Excel is a program with a user-interface. R is a language for raw computing. Both can accomplish similar tasks, but R is much more versatile, stronger, and free. This how-to was created in R! We won’t unlock the true potential of R here, but this should help you get started.

How do I download R?

Remember, R is a language. For you to use R on your computer, you first need to download the language. Downloading the language is equivalent to teaching your computer how to speak R. Lucky for you, your computer can learn R much faster than you can learn Spanish. Teach your computer how to speak R here:

https://mirror.las.iastate.edu/CRAN/

Once you have downloaded the language, you should make it easier to communicate with your computer. Your computer now knows R, but you still don’t. If you want to communicate with your computer, but still have it do things in R, you should download a studio environment. The studio is a user interface that will allow you to use R, while keeping track of all your objects visually. Your computer has no eyes, but you do. A studio is for our humble human benefit. Download RStudio here:

https://rstudio.com/products/rstudio/download/

How do I start R for the first time?

Once you have downloaded R and RStudio, you are ready to open R for the first time. Let’s start by opening R.

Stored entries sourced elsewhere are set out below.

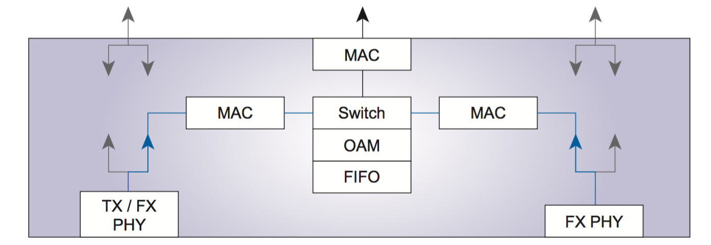 - Supports modified cut-through frame forwarding for low latency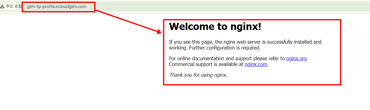 이 경우 GTM 도메인으로 접속 시 트래픽이 정상적으로 로드밸런서로 흐르게 됩니다.
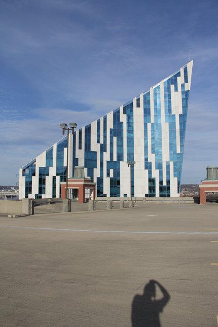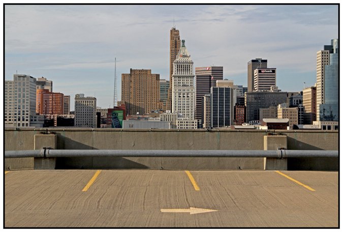 A view from atop the Covington Transit Center parking garage that appears directly South of the Carew and 4th and Vine buildings. Normally views from Kentucky feature the river in the foreground. Not here. The river is replaced by the concrete wall and its piping, the rusted copper of the lightning rods has begun to leave green stains on top of the wall and the markings on the ground point Eastward.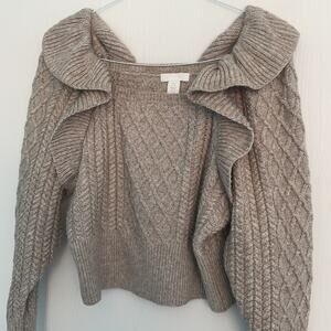 H&M Cream Knit Ruffle Shoulder Sweater Blogger Favorite M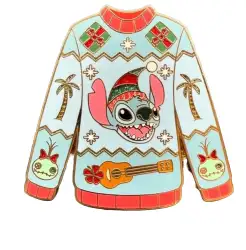 Stitch is a Limited Edition (LE) 5000 pin from the Gift Card GWP Promotion 2024 - Ugly Sweaters pin series. It was originally released on , 2024 and was available from Multiple Sources (WDW, DLR, etc.).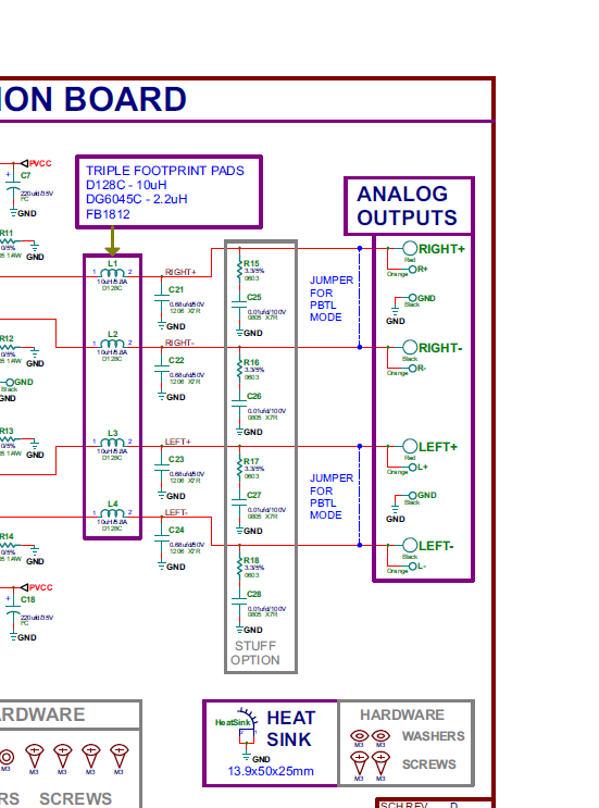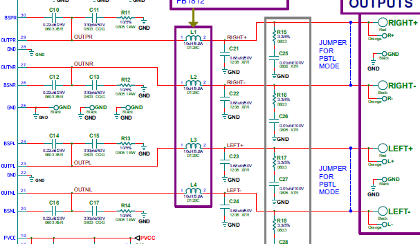 In my design with TPA 3116D2 , I have a supply voltage of 24 V DC . I know that 3116D2 can drive 100 watt 4 ohms maximum. I need to direct drive 50W to maximum 100 Watt HiZ speakers without using any special 70 Volt/100 transformers in the output stage of the amplifier. Can i drive this high impedance speakers directly by adding only two 670 uF 50 Volt capacitors in series to the output of my circuit which is also acting like a LPF filter? or Can you advice me any other network components to match directly to the connection of the Hiz Speakers.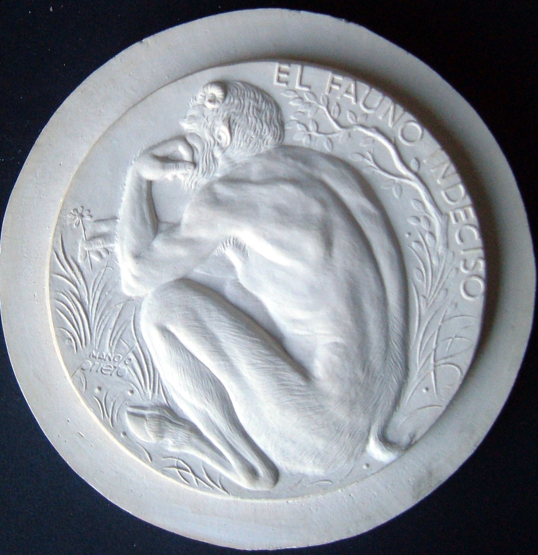 - Molde de escayola de la cara de una medalla donde se aprecia la figura de un fauno de espaldas en aptitud de indecisión, pensativo.

On your computer, you will have two new R programs:

First, open R (the program simply called “R”). You will see:

This is the console: a window where you type commands, and the computer responds. Try typing the following into the console, then hit enter:

2 + 2

As you can see, R will recognize that you are asking what “2+2” equals, and will provide the output: 4. Try a few other simple math problems. Now close the R program and don’t ever open it again.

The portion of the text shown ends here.